Chris Oberlich gave a great presentation on the future and challenges of social media.  He talked a lot about the growing support for OpenID to reduce the need to constantly repeat oneself when joining new sites and services.  He also talked about alternative forms of authentication, some good (like integrating with FaceBook’s API), some bad (like asking users to give their Gmail username and password.)  Oberlich also talked a bit about microformats, which embed human relationship into standard markup and offer a “transitional strategy” towards a Semantic Web.  The slideshow he used in the presentation can be found here.

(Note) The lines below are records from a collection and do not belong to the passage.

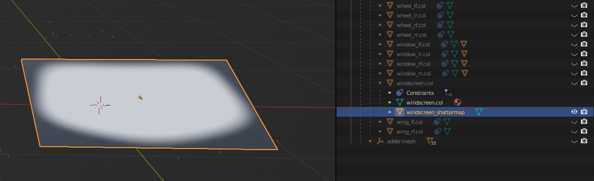 In Sollumz, shattermaps are represented as planes with a single texture. For example, adder.yft has an object called windscreen_shattermap which is parented to windscreen.col.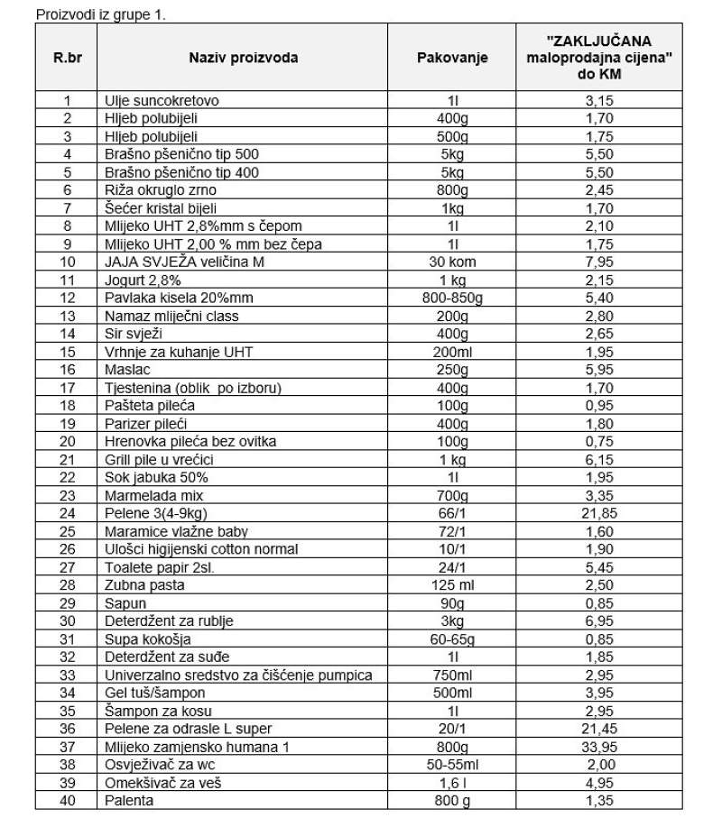 Vlada Federacije Bosne i Hercegovine, na inicijativu Federalnog ministarstva trgovine, donijela je odluku o produženju važenja mjera neposredne kontrole cijena, kojom se zadržava ograničenje maloprodajnih cijena za ukupno 65 osnovnih proizvoda. Produžene mjere stupaju na snagu 1. juna i ostaju važeće do 1. septembra 2025. godine.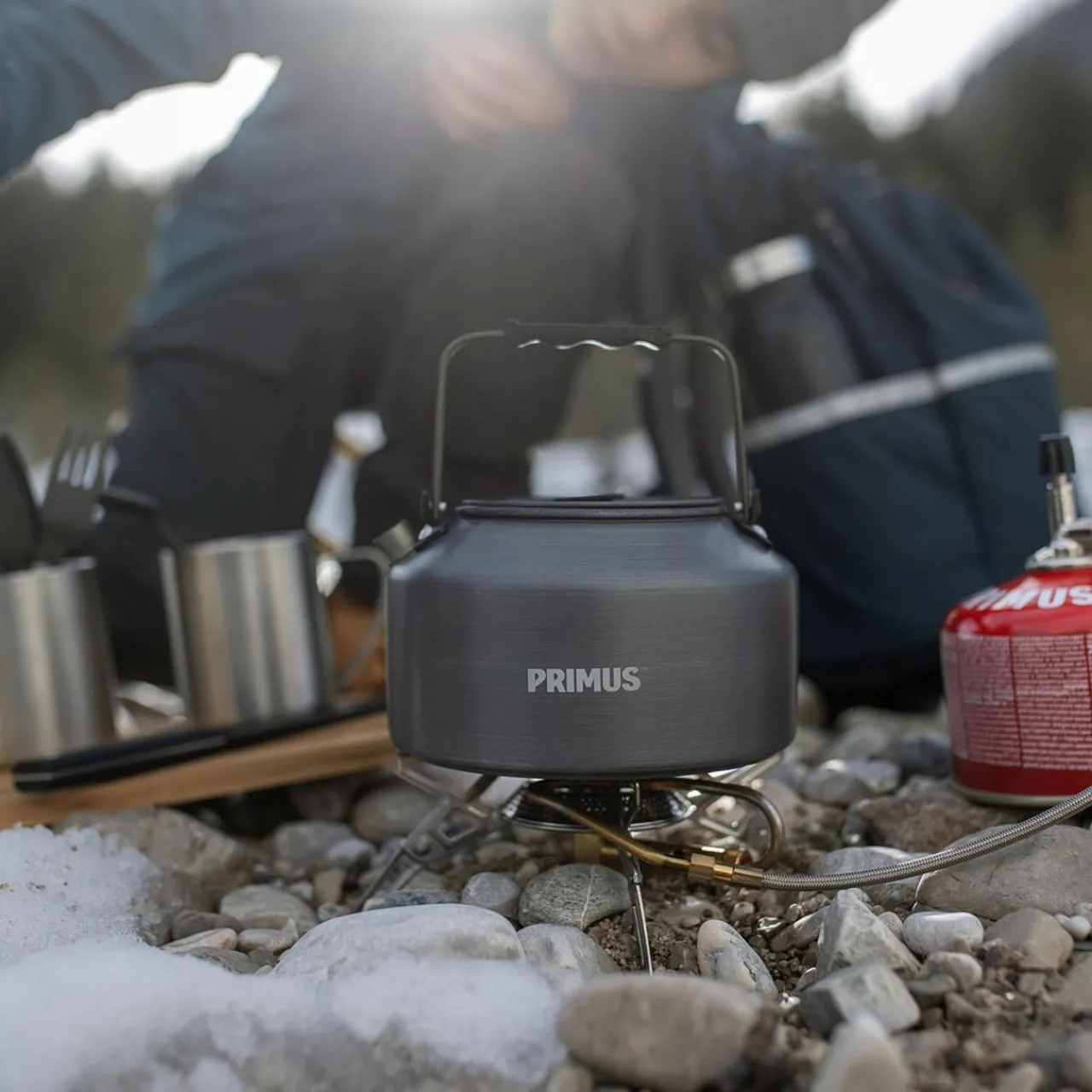 A small and compact kettle for cups of tea and coffee out on the trail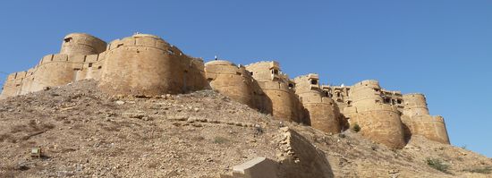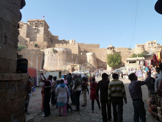 Sodann begeben wir uns zu Fuß zu dem herrlich auf einem Bergrücken thronenden Fort Jaisalmer.

Next, Travis Boudreax and Aaron Lozier gave a presentation on Aquedux, a design pattern built upon CakePHP and JQuery.  After giving a brief overview about both platforms, and the general problem of rich internet application development, they demonstrated a sample cookbook application built in Aquedux.  The page never reloaded, but they were able to demonstrate a “flow” from one element of the application to the next, dynamically adding, updating and deleting records.  They hope to demonstrate the process for creating an Aquedux application from scratch at an upcoming barCamp or webcast near you.

David Herrold of the Houston Chronicle talked about the process of developing web content for mobile devices, and specifically the different ways in which the developers at Chron.com have attempted to capitalize upon this rapidly growing market with the information already available on their newspaper website. This presentation was followed by Steven Evatt of Chron.com, who spoke about search engine optimization.

Matthew Tritico gave an introductory presentation on Grails, formerly known as Groovy on Rails until they had to change the name to assuage the “Ruby on Rails” folks.  Groovy is a Java based language, and Grails is basically, well, Rails.  Matt created an application from scratch, and while it was mostly similar to Ruby on Rails or CakePHP, the IntellijIDEA IDE was particularly impressive in terms of keeping ones code organized and providing easy access to domains (models), views and controllers from the top menu. 

Sunday’s “Hack Day”

On Sunday Spencer Hoyt and Aaron Lozier worked with a team of web developers, designers and marketers on a project called “Bayou Boogaloo,” which is a free music festival to be held in New Orleans in May.  The day started with brainstorming how the site could be better monetized to raise money for the festival, as well as generally to increase the sites performance in the search engines and visibility.  Aaron Lozier and Spencer Hoyt worked on integrating a few helpful Wordpess plugins to improve the SEO aspects of the site as well as social media or “bookmarking links.”  They also installed stats tracking and a google sitemap, which will further benefit the marketing efforts of the site.